## [EXERCISE AIM]
Print only what runs from the line that includes "오후늦게 출발해서 홍천모곡에" to the end of the listing, word for word, and do not include any pictures.

## [DATA SEGMENT]
====

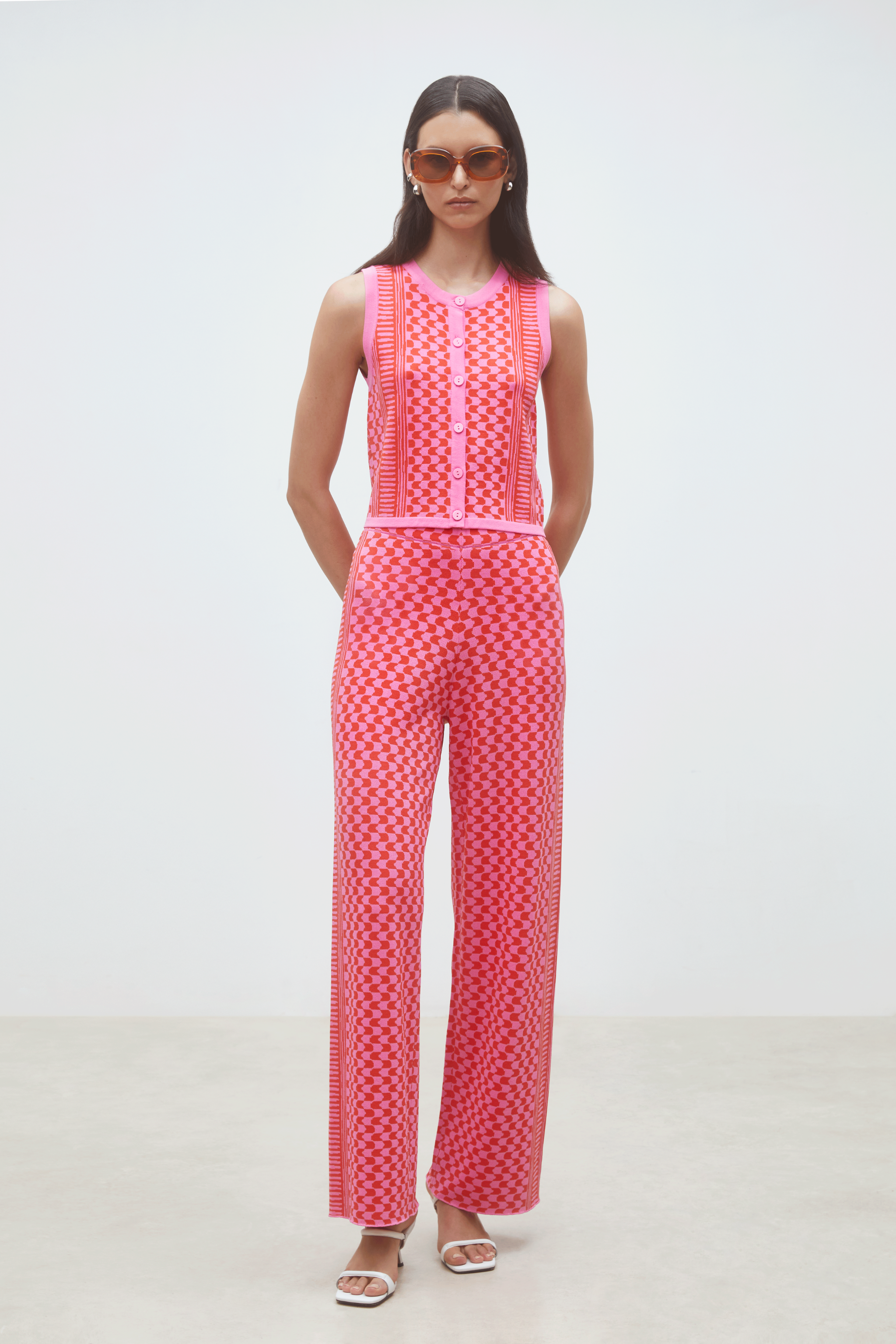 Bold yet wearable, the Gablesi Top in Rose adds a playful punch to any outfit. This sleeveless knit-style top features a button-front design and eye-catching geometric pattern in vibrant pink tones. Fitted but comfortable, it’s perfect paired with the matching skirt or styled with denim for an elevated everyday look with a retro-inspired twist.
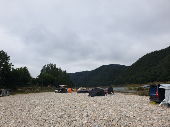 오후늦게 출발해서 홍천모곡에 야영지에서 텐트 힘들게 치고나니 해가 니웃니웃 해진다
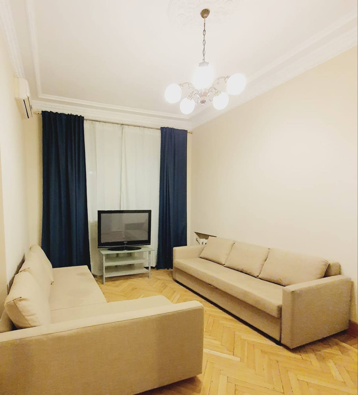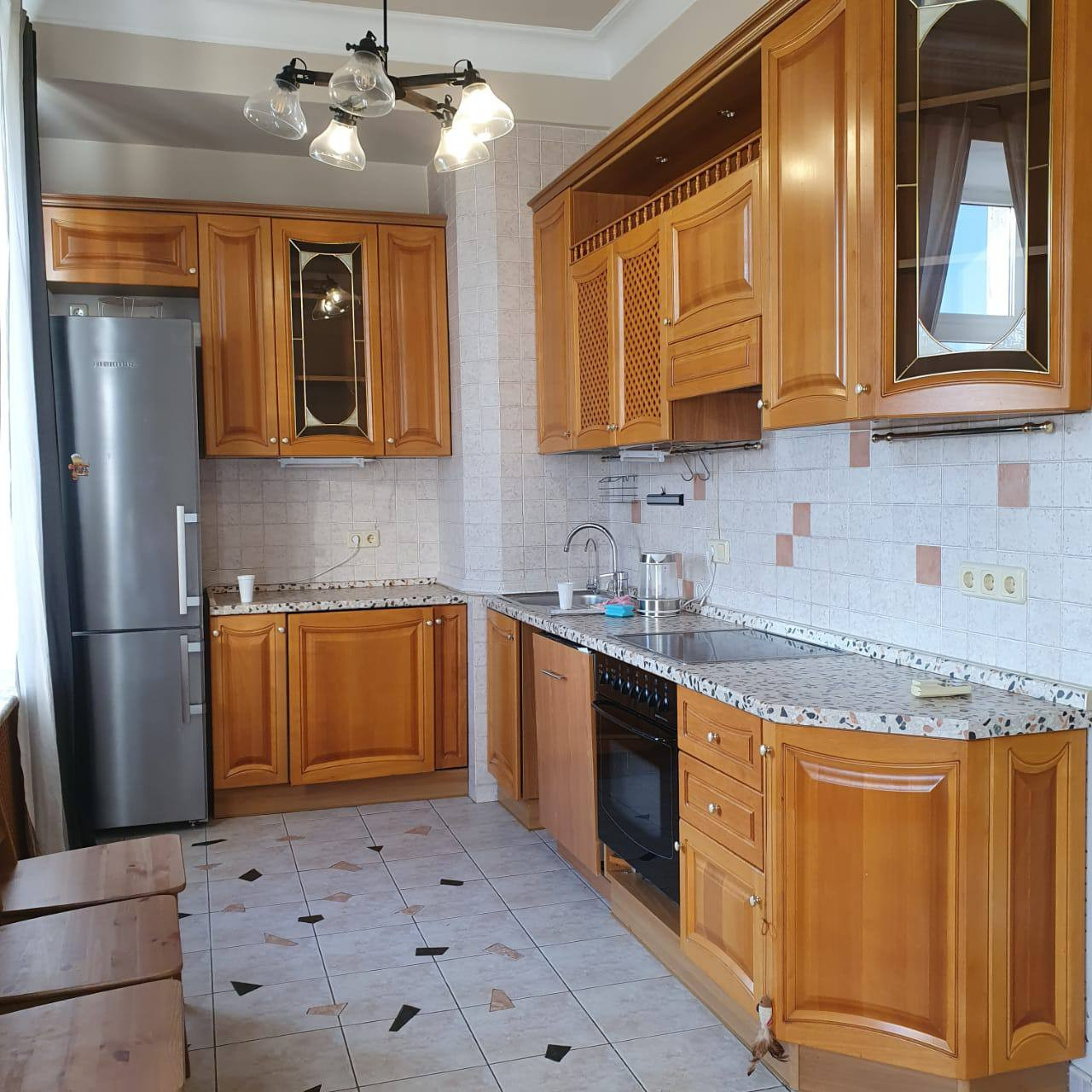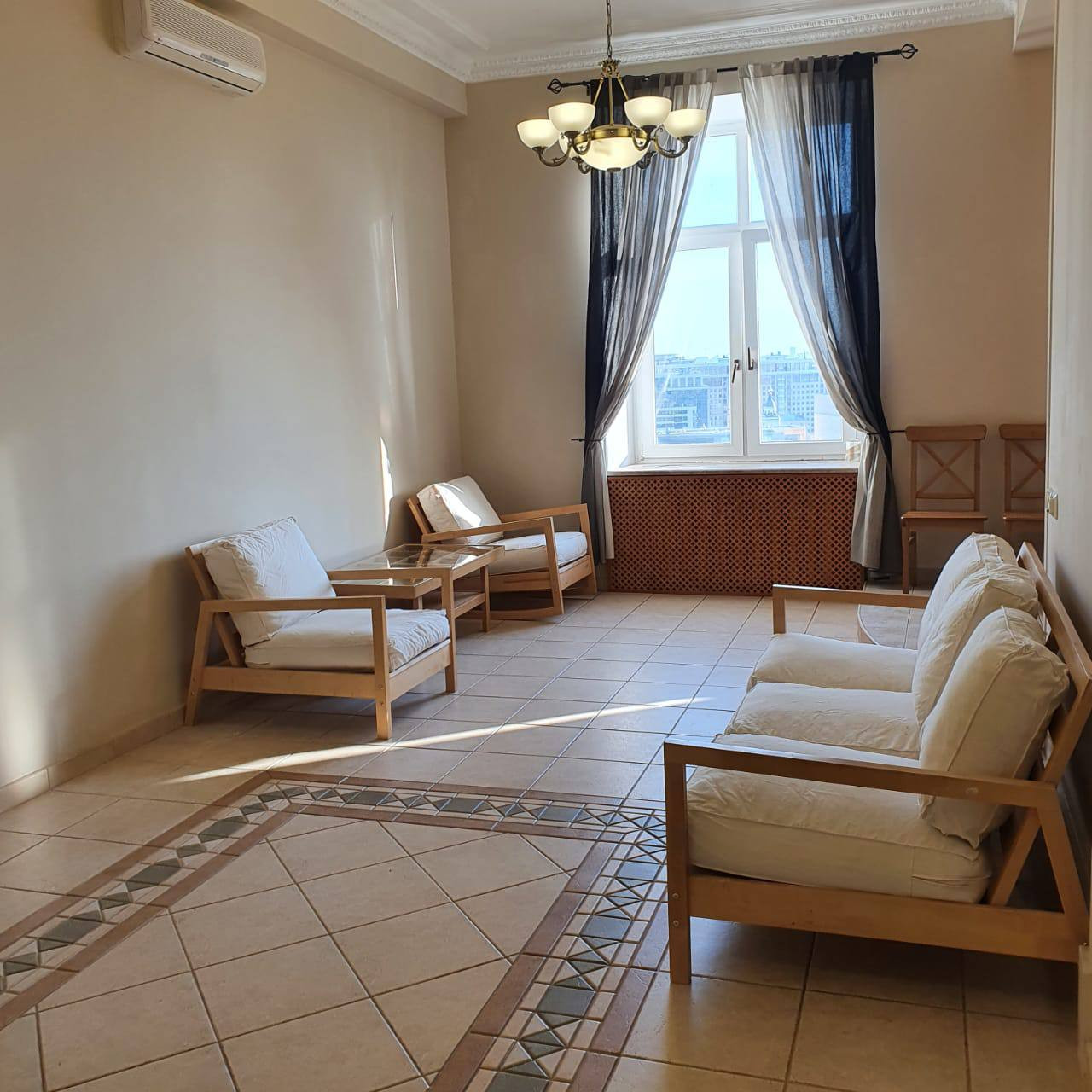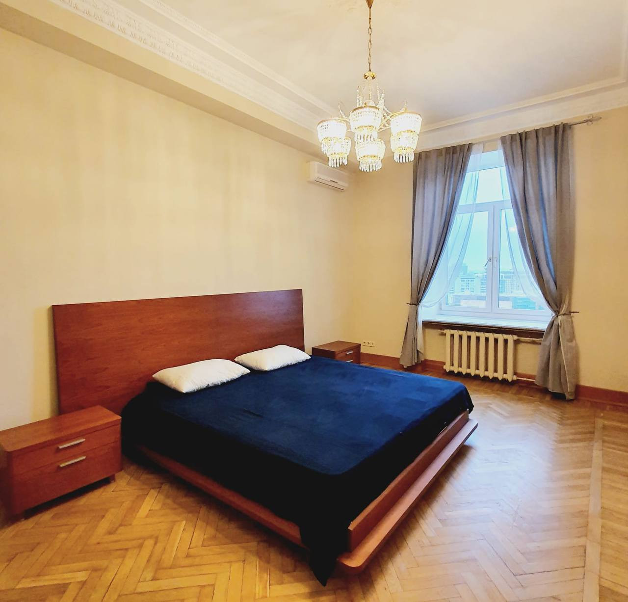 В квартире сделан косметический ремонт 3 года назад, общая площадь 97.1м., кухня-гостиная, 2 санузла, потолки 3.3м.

====

## [ANSWER TO THIS TASK]
 오후늦게 출발해서 홍천모곡에 야영지에서 텐트 힘들게 치고나니 해가 니웃니웃 해진다
 В квартире сделан косметический ремонт 3 года назад, общая площадь 97.1м., кухня-гостиная, 2 санузла, потолки 3.3м.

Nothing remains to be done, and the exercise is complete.